To better understand the connection between cell wall integrity and chromosome morphology we followed both components simultaneously. We took advantage of the observation that ΔmanA cells exhibit almost normal phenotypes at a low temperature (23°C) but gradually evidence defects when shifted to a high temperature (37°C). Cell wall and nucleoid morphologies were followed by WGA-FITC labeling and DAPI staining, respectively, as the ΔmanA cells were temperature shifted. In wild type cells the chromosome appeared mostly helical, exhibiting morphologies typical of replicating forms (Figure 5A, 5C and 5E) [45]. Notably, the helicity of the chromosome in the majority of the cells seemed to follow the sidewall staining of the cell wall. In a way, it seems that the cell wall restricts the nucleoid spatial localization by caging it. This feature was highlighted when stacks of optical sections were deconvolved, and three-dimensional structure was reconstructed (Figure 5G and Video S1).

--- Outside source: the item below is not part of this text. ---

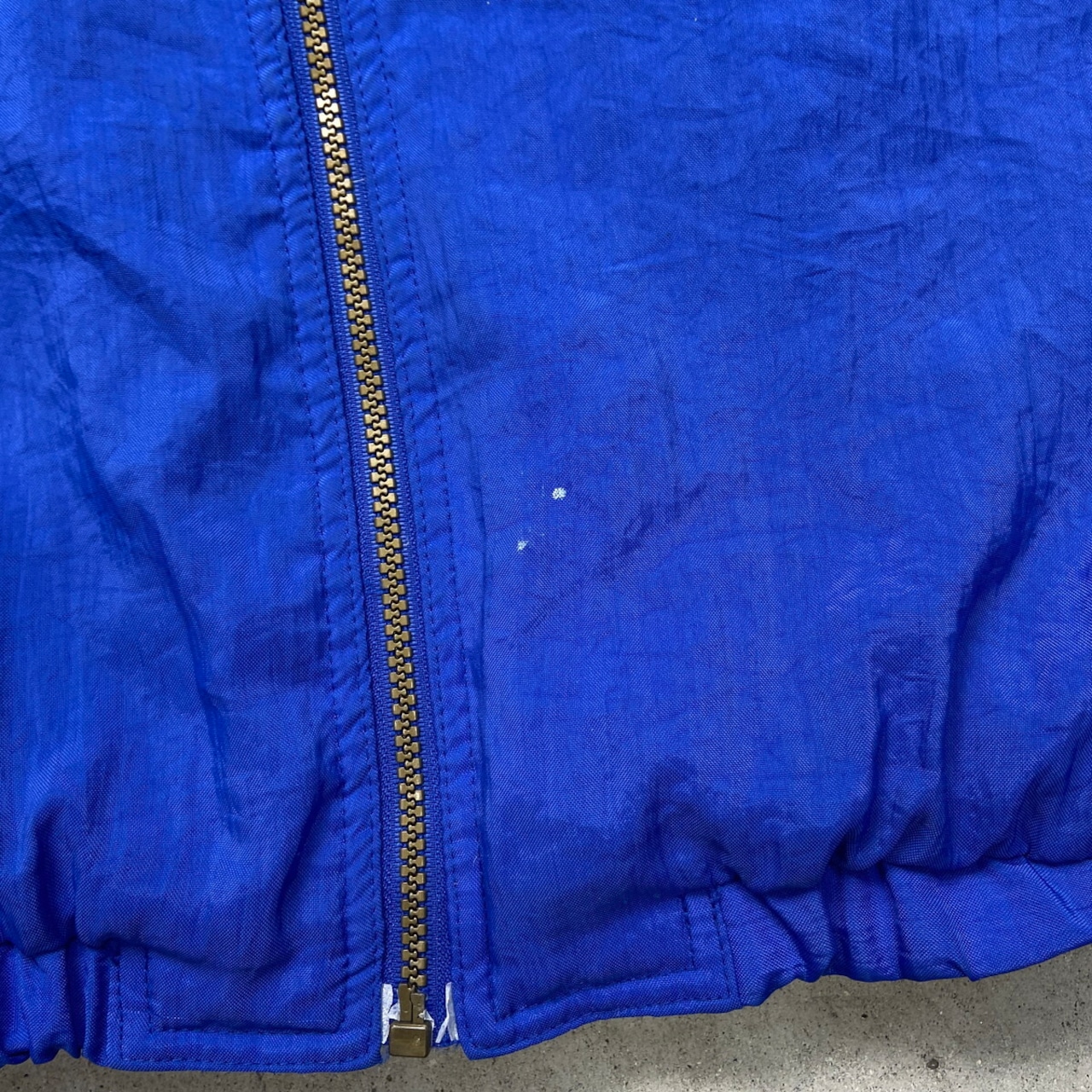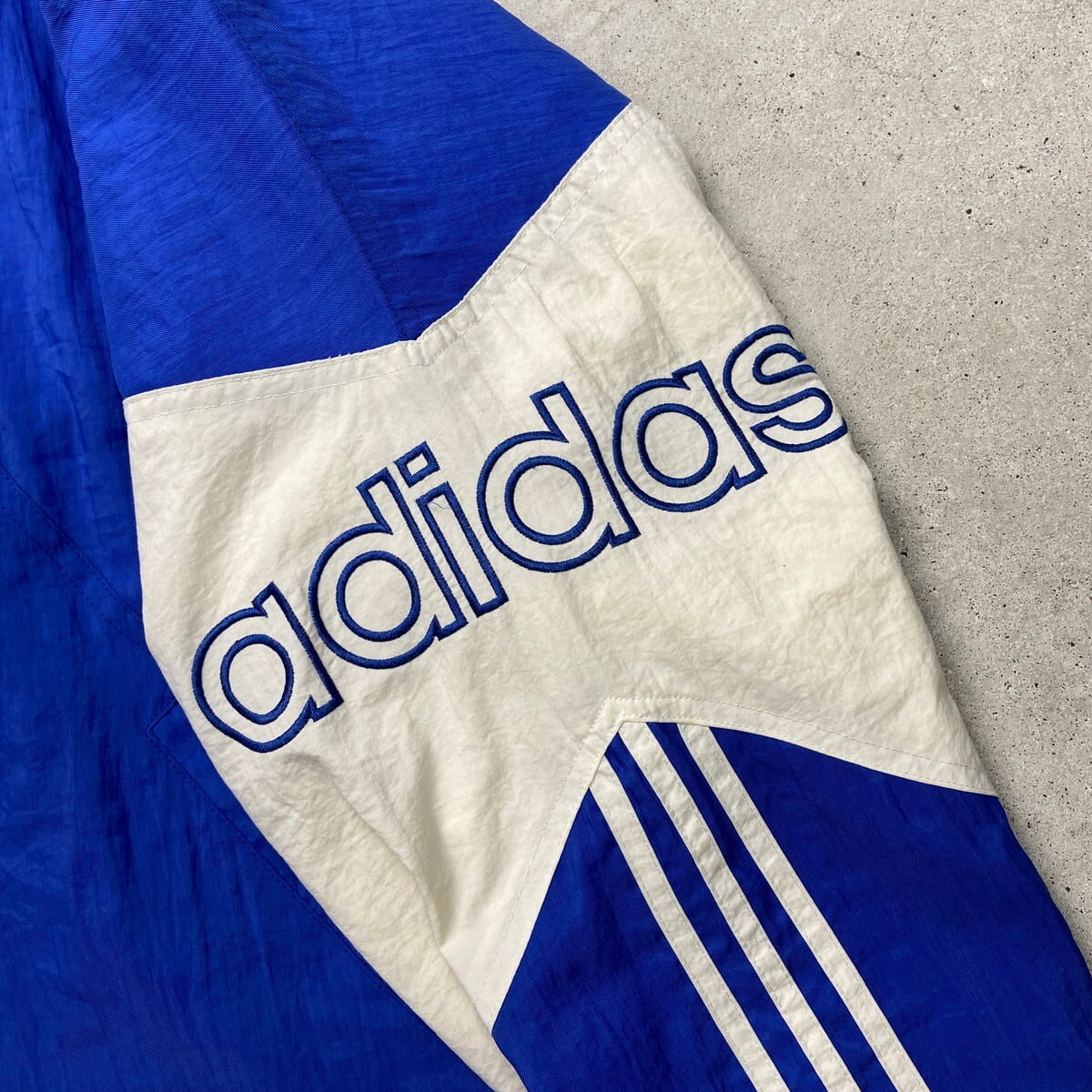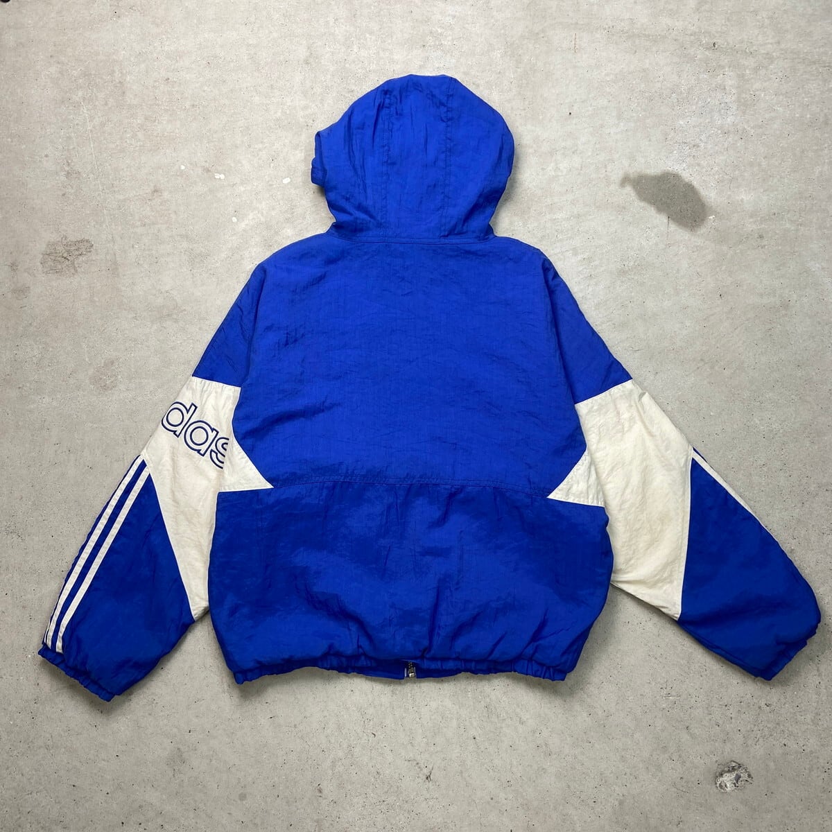 80年代 adidas アディダス 中綿入り ナイロンジャケット メンズXL相当 古着 80s VINTAGE ヴィンテージ 銀タグ キルティングライナー 着用 ブルー ホワイト【ナイロンジャケット】/ブルー

In comparison, the morphology of the nucleoids in ΔmanA cells altered distinctively upon temperature shift. At the lower temperature the nucleoids appeared similar to those displayed by wild type cells (Figure 5B). However, after the temperature was shifted, concurrently with the cell bulging and loss of helical sidewall staining, the nucleoid lost its helical shape and became less compact and structured (Figure 5D and 5F). Moreover, as rods became spheres, the nucleoid expanded in a pattern associated with the new cell geometry, as if constraints confining its structure were being released (Figure 5H and Video S2). It is possible that the incapability to confine the chromosome leads to defects in DNA segregation, ultimately resulting in the formation of polyploid cells.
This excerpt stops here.